Collaborating with Partners

The AI (Artificial Intelligence) assistant does not function alone, rather it must communicate with a hotel reservation system in order to reserve a room. Security is crucial for AIs while communicating to maintain this automation and security with integrations made by AI developers with their banking (credit card) partners. 

Banks have strict security rules to adhere to, which provide another level of oversight. Such as a credit card provider may require extra identification before approving transactions over $50 made through an AI. Thus these safety measures, while still being built out, represent a collective effort by all parties involved in the creation of a secure "AI economy" for consumers.

Transition from Enterprise to Consumer

For years, the conversation around AIs and their governance (rules) centered on enterprise-level concerns; how to protect a company's secrets and/or prevent security breaches as a result of large-scale automation. 

Today, the concern over AIs and their governance is shifting as AIs are entering the consumer marketplace (iPhones/Android devices), which means the path to governance for AIs must provide a user-friendly experience. If security measures required of the user become too cumbersome, then the user will likely disable the measures. If controls are too lenient, then a user will be scammed out of their money. Apple and Qualcomm are working together to ensure that all AIs provide clear, fast, and easy-to-use security measures.

Boundaries in Autonomous Systems: The Future

Boundaries in Autonomous Systems: The Future

As AI systems become more capable of completing tasks independently (automated), the need for independent operation to complete these tasks also grows. A simple programming mistake in a computer's natural language processing (NLP) enabled chatbot to make a silly mistake when writing a poem. Conversely, if there were an error made in AI, a virtual assistant would create a costly mistake in making a flight reservation.

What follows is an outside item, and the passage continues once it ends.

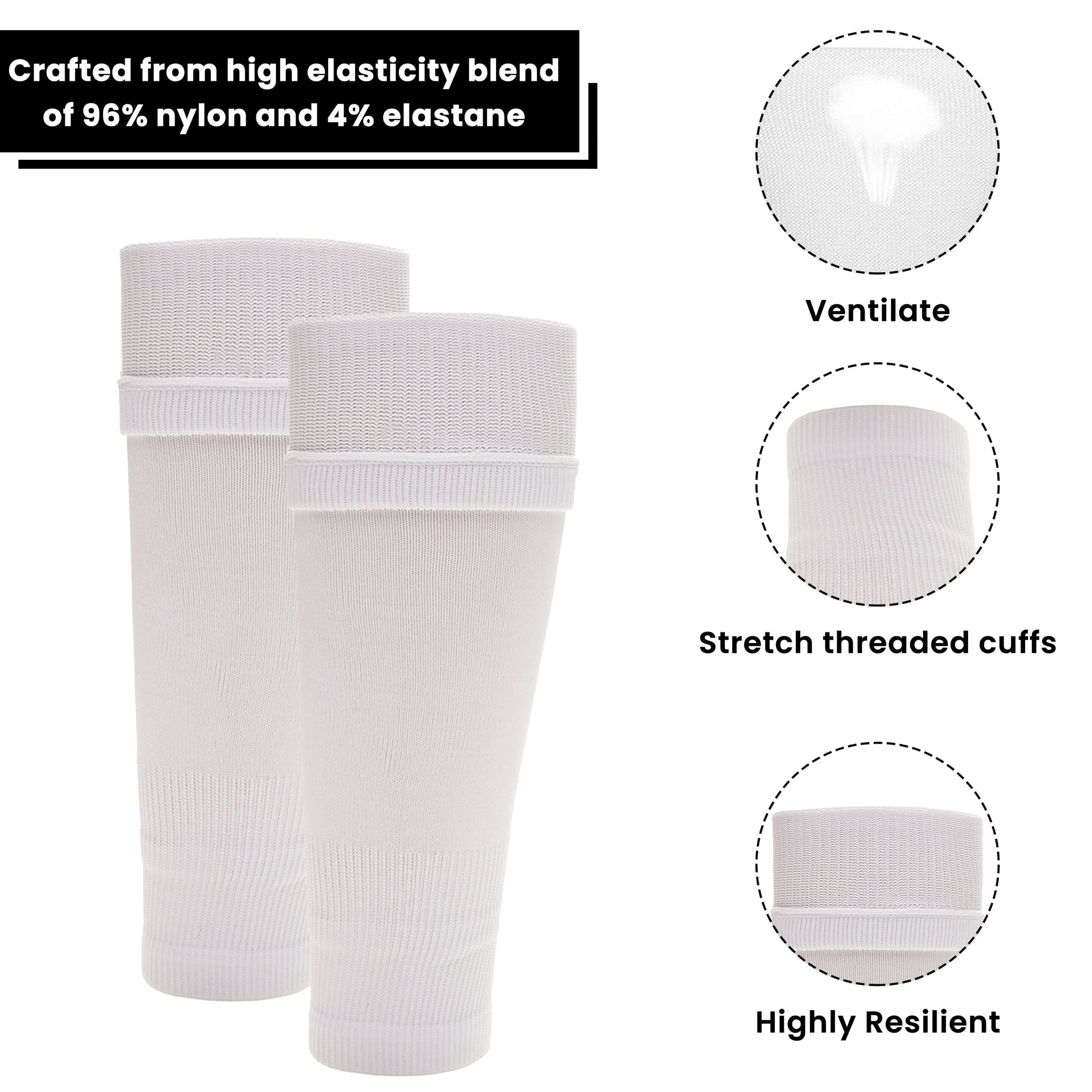 Adults White Football Leg Sleeve Socks Compression Support Fits Over Shin Pads Breathable & Secure for Training Running by Sock Stack

We are now in a time of transition towards controlled environments instead of full automation ("full AI independence"). We are transitioning from the idea of the telephone as something you live your life through (full AI independence), to a concept that combines the human (manager/pilot) and the computer (assistant/worker). As an example, the AI will work tirelessly, but the human will provide the permission to execute the task(s) by saying the final “okay” before moving forward.

For those who are very technical, the transition to an Assistant/Manager (AI and human partnership) may seem a limitation on their desire for total automation; however, we believe this is the best way to proceed. This method also helps ensure that we continue to have driving control (authority) over our devices, regardless of the extent in which our devices become intelligent.

Next time you hear about some new feature of an AI-like technology that is being added or enhanced for your smartphone or computer, remember to not only consider what the function or task could actually do, but also consider what is possible to accomplish without your consent or authority. The limitations or boundaries of these functions/tasks are not defects; they are one of the key components of the overall system. These limitations will allow us to continue to trust the use of AI technology in our pockets every day.